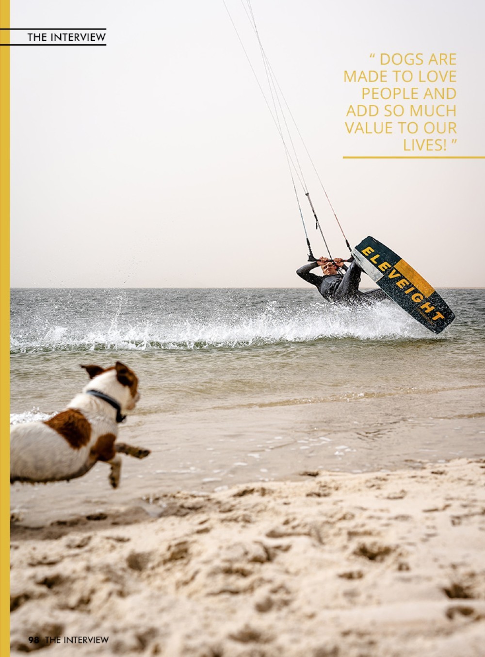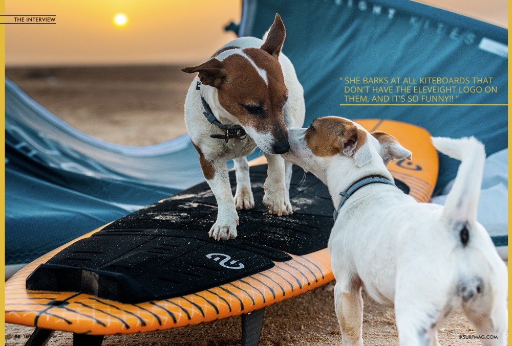 Donna has been with us on every trip since the beginning, and this is our 7th year. At the end of 2022, Donna had four puppies, one of which we kept in our family. Now we travel as a team of four - my wife Kerli and I and dogs Donna (7 years) and Panda (8 months old). Donna really respects one particular kite brand, and it's not a joke - she barks at all kiteboards that don't have the Eleveight logo on them, and it's so funny!!
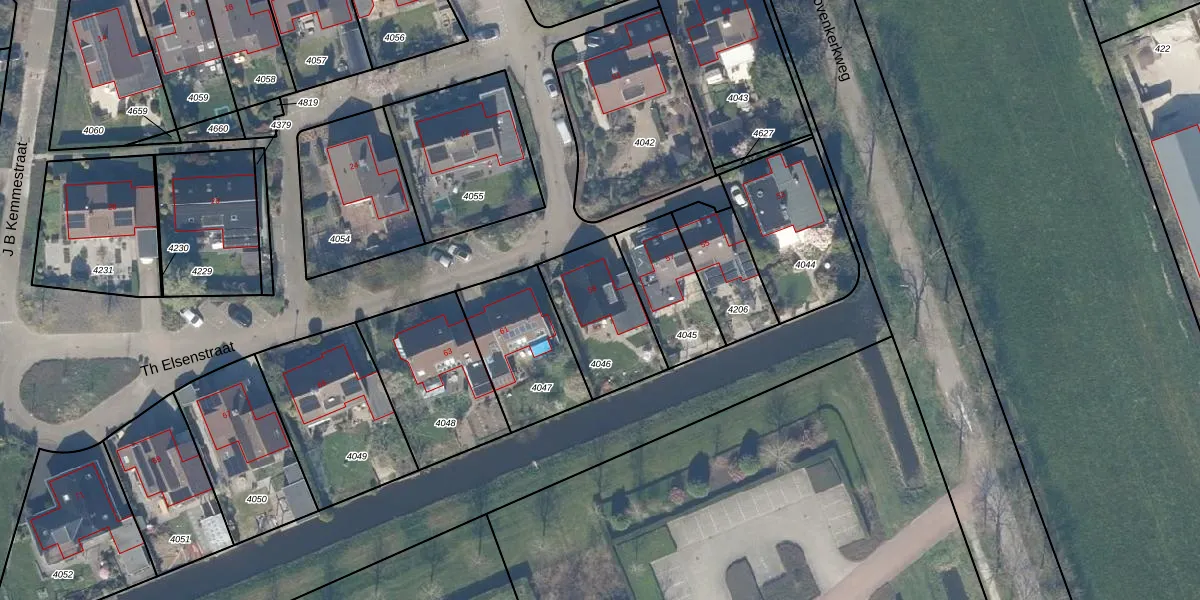 Het perceel waarop Th Elsenstraat 59 staat heeft een oppervlakte van 331 m². Dit is een groot perceel. De perceeloppervlakte wordt geregistreerd door het Kadaster. Gedetailleerde informatie over de maten van dit perceel kunt u vinden in het rapport Kadastrale kaart met maatvoering van Th Elsenstraat 59.
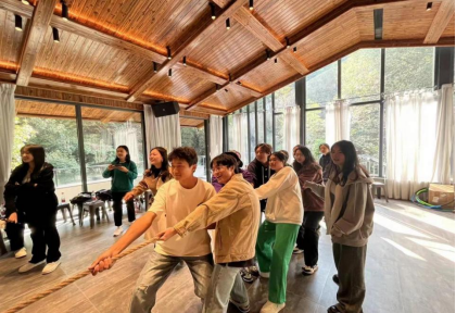 “拔河比赛”项目要求同学们要与队友默契配合,合力拉绳,从而顺利完成挑战。
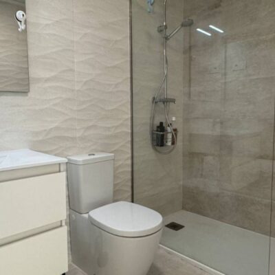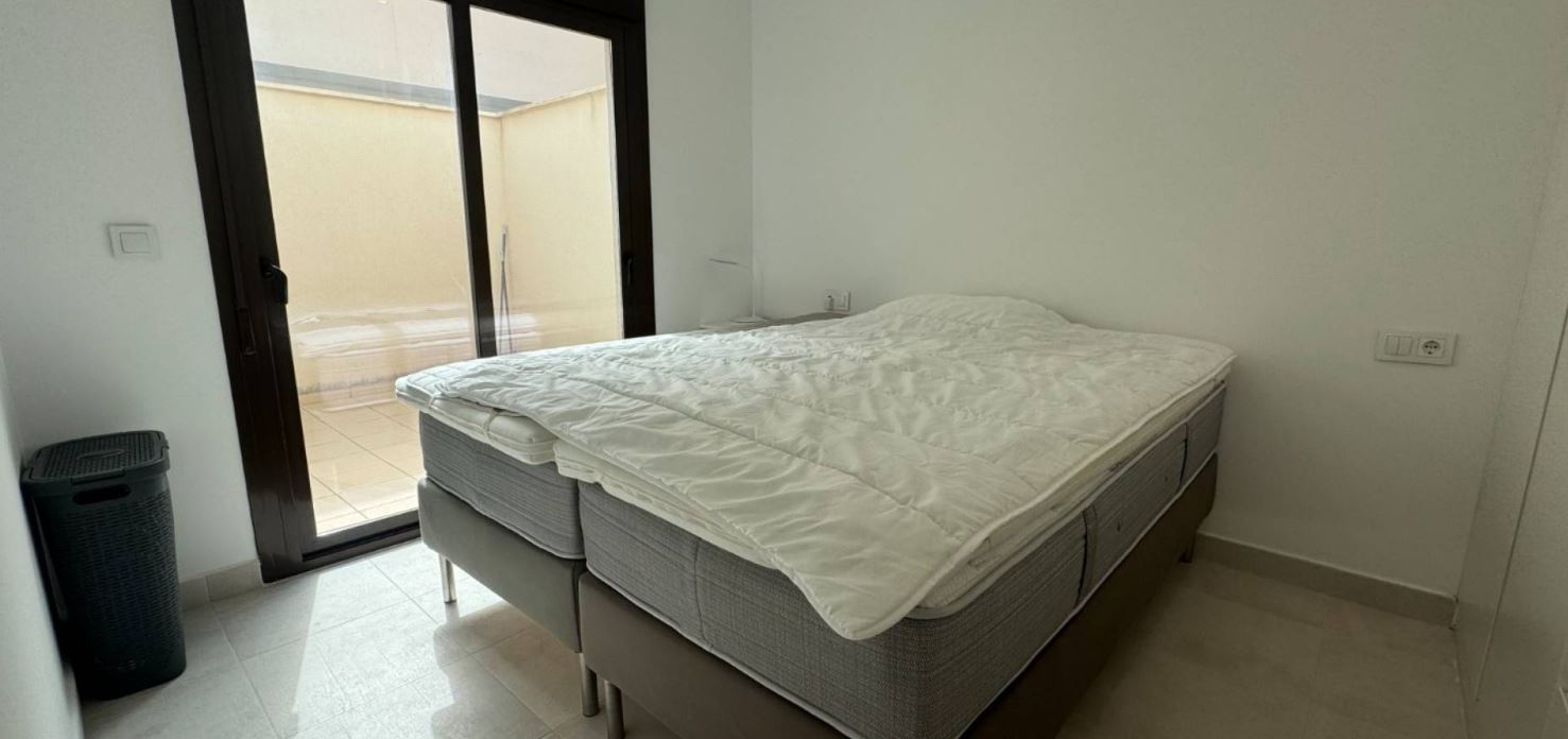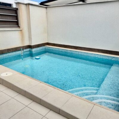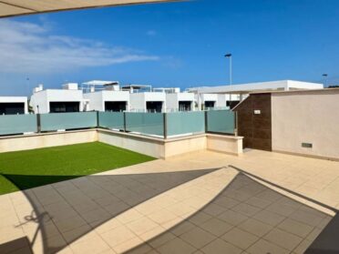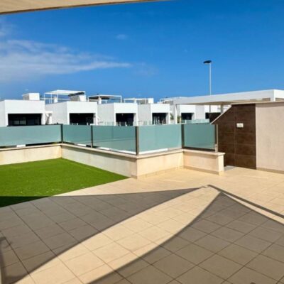 On entering the property there is a modern lounge diner with an L shape open plan kitchen, there are large patio doors with solar control glass that lead onto the terrace where you will find your own private pool and space for your car. Under the external stairs is handy storage area and on the roof you will find a large solarium which has a pergola, BBQ area, outside kitchen and another storeroom. In side there are 3 double bedrooms with fitted wardrobes, the front bedroom has patio doors to the garden and the rear two bedrooms have patio doors to a courtyard. The master bedroom has its own ensuite bathroom and there is a further family bathroom. Both bathrooms have underfloor heating. The property is sold furnished internally and externally and has Vented AC.
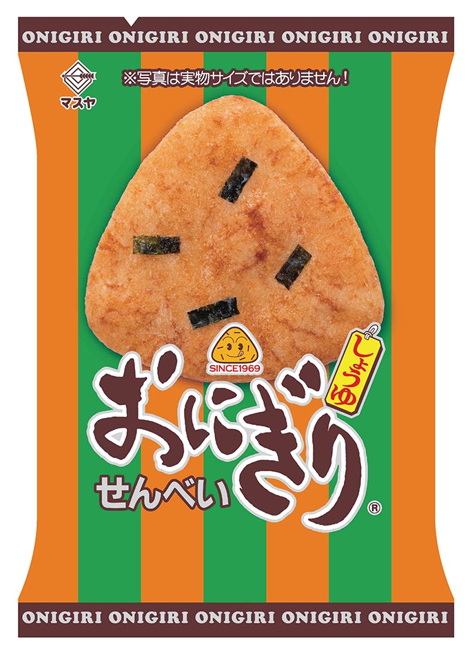 1969年に誕生したおにぎりの形の三角形をかたどった、ソフトな食感のおせんべいです。ふっくらサクサクのお米の生地に「だし」のうまみにこだわった甘辛のしょうゆタレで味付けし、風味豊かな焼き海苔が振りかけられております。
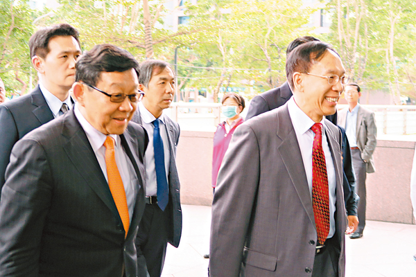 海协会会长陈德铭(前左)2日上午参访陆资企业京泰发展有限公司。台湾“中央社”
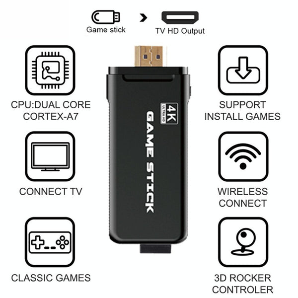 PS3000 32GB 4K Retro Game Stick with 2 Wireless Gamepads 3000+ Games Pre-installed

• [Exercise directions] With the pictures removed, return all the entries exactly.

• [Expected answer]
 Donna has been with us on every trip since the beginning, and this is our 7th year. At the end of 2022, Donna had four puppies, one of which we kept in our family. Now we travel as a team of four - my wife Kerli and I and dogs Donna (7 years) and Panda (8 months old). Donna really respects one particular kite brand, and it's not a joke - she barks at all kiteboards that don't have the Eleveight logo on them, and it's so funny!!
 Het perceel waarop Th Elsenstraat 59 staat heeft een oppervlakte van 331 m². Dit is een groot perceel. De perceeloppervlakte wordt geregistreerd door het Kadaster. Gedetailleerde informatie over de maten van dit perceel kunt u vinden in het rapport Kadastrale kaart met maatvoering van Th Elsenstraat 59.
 “拔河比赛”项目要求同学们要与队友默契配合,合力拉绳,从而顺利完成挑战。
 On entering the property there is a modern lounge diner with an L shape open plan kitchen, there are large patio doors with solar control glass that lead onto the terrace where you will find your own private pool and space for your car. Under the external stairs is handy storage area and on the roof you will find a large solarium which has a pergola, BBQ area, outside kitchen and another storeroom. In side there are 3 double bedrooms with fitted wardrobes, the front bedroom has patio doors to the garden and the rear two bedrooms have patio doors to a courtyard. The master bedroom has its own ensuite bathroom and there is a further family bathroom. Both bathrooms have underfloor heating. The property is sold furnished internally and externally and has Vented AC.
 1969年に誕生したおにぎりの形の三角形をかたどった、ソフトな食感のおせんべいです。ふっくらサクサクのお米の生地に「だし」のうまみにこだわった甘辛のしょうゆタレで味付けし、風味豊かな焼き海苔が振りかけられております。
 海协会会长陈德铭(前左)2日上午参访陆资企业京泰发展有限公司。台湾“中央社”
 PS3000 32GB 4K Retro Game Stick with 2 Wireless Gamepads 3000+ Games Pre-installed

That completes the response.